[WORK TO COMPLETE]: A word-for-word copy of the data is what's wanted, with no pictures.

[COLLECTED MATERIAL]:
[Start of section]

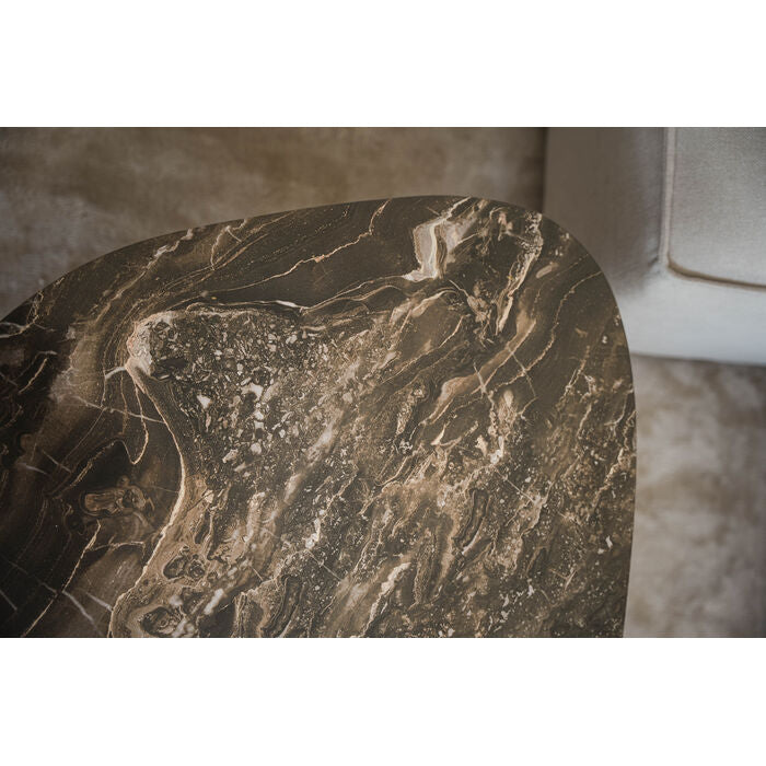 A statement piece with gallery character: this coffee table combines sculptural elegance with functional design. The organically curved top made of finely marbled ceramic lends the room a luxurious touch and attracts everyone s attention. The centrally positioned base made of powder-coated steel not only provides stability, but also creates an exciting contrast to the flowing shape. Ideal as a stage for design objects, as a stylish snack area or as the centerpiece of a modern living concept. The ensemble looks particularly harmonious with sofas in muted tones, textured textiles and statement lights in a metallic look. A work of art for the living room with functional added value.
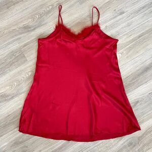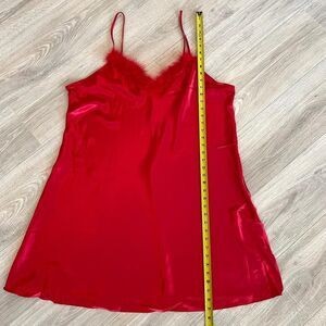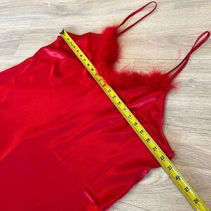 NWT Y2K Fashion Bug Red Silky Slip Dress Feather Trim Plus Sleepwear Lingerie
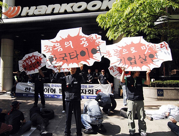 이들은 이날 서울 강남구 역삼동 한국타이어 본사 앞에서 가진 기자회견을 통해 "산재사망은 기업에 의한 살인이며 사회적으로 용납될 수 없는 범죄 행위"라고 주장했다. 이들이 산업안전 관련 최악의 기업 앞에 '살인기업'이라는 명칭을 붙이는 까닭이다.

[End of section]

[YOUR RESPONSE]:
 A statement piece with gallery character: this coffee table combines sculptural elegance with functional design. The organically curved top made of finely marbled ceramic lends the room a luxurious touch and attracts everyone s attention. The centrally positioned base made of powder-coated steel not only provides stability, but also creates an exciting contrast to the flowing shape. Ideal as a stage for design objects, as a stylish snack area or as the centerpiece of a modern living concept. The ensemble looks particularly harmonious with sofas in muted tones, textured textiles and statement lights in a metallic look. A work of art for the living room with functional added value.
 NWT Y2K Fashion Bug Red Silky Slip Dress Feather Trim Plus Sleepwear Lingerie
 이들은 이날 서울 강남구 역삼동 한국타이어 본사 앞에서 가진 기자회견을 통해 "산재사망은 기업에 의한 살인이며 사회적으로 용납될 수 없는 범죄 행위"라고 주장했다. 이들이 산업안전 관련 최악의 기업 앞에 '살인기업'이라는 명칭을 붙이는 까닭이다.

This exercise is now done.